In the first two installments, I touched on (superficially) several programming paradigms: object-oriented programming, logic programming, and communicating sequential processes. Although the intent here is to explore new intellectual tools rather than to develop mastery of familiar ones, I hope to get deeper into each of these and other paradigms in subsequent columns.
This month I'm going to show an algorithm for a new paradigm of programming. But first, I have to talk about current research in cognitive psychology.
Well, first, to show what's entailed in a clash of paradigms. I did graduate work in cognitive psychology a few years ago, and since that time, a new paradigm has come into prominence in that field. This new paradigm challenges some operating assumptions of the field, assumptions that I took seriously back then. I believe that, in the small resolution that is going on today in cognitive psychology, there is a useful example of what happens when paradigms collide-useful because there are programming paradigms on a collision course today.
Second, to give an application-oriented perspective on the aforementioned algorithm. You see, the new psychological paradigm is also the new programming paradigm, neural networks. As it happens, from a paradigmatic point of view, Gantz's joke may not be so funny after all.
Before the psychology, a reminder is in order about paradigms and why we should care about them. In 1962, philosopher of science Thomas S. Kuhn published a book titled The Structure of Scientific Revolutions, which enjoyed a great vogue in the late sixties and early seventies in undergraduate and graduate curricula. DDJ associate editor Ron Copeland says he read Kuhn for four different classes. I think I only read him three times, but I read him carefully.
Kuhn advanced the then---controversial thesis that the kind of science a community of scientists will produce depends on their shared values, terminology, techniques, model problems, and concrete examples of how to solve such problems. He subsumed these things under the term "paradigm," and described how disorienting it was to move from one paradigm to another, and how difficult it was for those working within one paradigm to communicate with those working in another.
With the pain came gain. Kuhn said, "Paradigm shifts---troubled periods in which basic assumptions of a discipline are being upset-are one of the means by which science progresses."
It was Kuhn's insight to apply this concept of paradigms to the growth of science. Its applicability to an engineering discipline such as software development is more obvious. It's not really controversial to note that those working with different tools and assumptions and languages will see different problems to solve and will create different kinds of artifacts. It's not controversial, but it is important.
The differences will be no less real if they are invisible to the user. If one programmer cooks a spaghetti-code general-ledger program in Basic and another programmer models the elements of a pre-existing paper general ledger in Smalltalk, the delivered goods may look identical to the user. (Not likely, but it is possible.( But the program's result will, in fact, be very different things, as will be evident to other programmers hired to maintain them.
The fact that the program that you create depends on the paradigm within which you create it should matter to you. I'm sure it does. But it also implies that you should know what paradigms are available, understand them well enough to know what problems they solve, and have the flexibility to move from paradigm to paradigm at will.
Another reason to understand other paradigms is communication. As I have mentioned before, I think that we are seeing a paradigmatic broadening of the discipline of programming. If programmers contInue to be educated (and to educate themselves) within narrow paradigm boundaries, it will become increasingly difficult for programmers to learn from one another.

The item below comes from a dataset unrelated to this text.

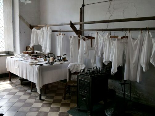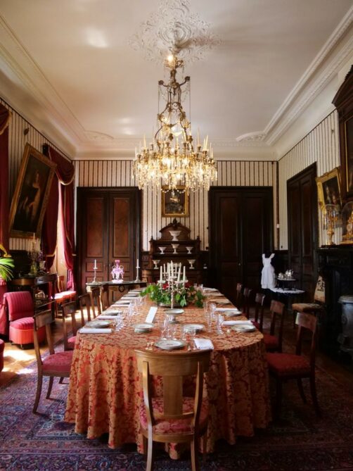 La visite guidée, organisée tous les premiers dimanche du mois de juillet à octobre (12€, plus d’infos sur le site internet du Château de Louvignies) permet de découvrir les intérieurs éclectiques du château, où fut notamment tournée une scène du film Germinal. Après les salles d’apparat et la magnifique salle à manger au rez-de-chaussée, on emprunte les anciens escaliers du personnel pour accéder à la chambre à repasser et au couloir du personnel.

Paradigm differences run deeper than just different programming languages and algorithms. Learning object-oriented programming, for example, is not just a matter of picking up some new techniques. If you've spent your professional life thinking that programming is really a matter of finding the right algorithm and implementing it efficiently, object-oriented programming will seriously warp your thinking.
This is something similar to what some psychological researchers are facing today.
The text for this month's exploration into psychology is Parallel Distributed Processing: Explorations in the Microstructure of Cognition, Volumes 1 and 2, by David E. Rumelhart, James L. McClelland, and the PDP Research Group (A Bradford Book; MIT Press, 1986). I'll synopsize it, along with the mainstream of cognitive psychology against which it flows.
Rumelhart, et al., present a class of models (called parallel distributed processing or PDP, models) in which the mechanism of information processing is assumed to be the interaction of large numbers of simple processing elements, each sending excitatory and inhibitory signals to other units. The units may correspond to various mental entities (hypotheses, goals, or potential actions) or aspects or features of such entities.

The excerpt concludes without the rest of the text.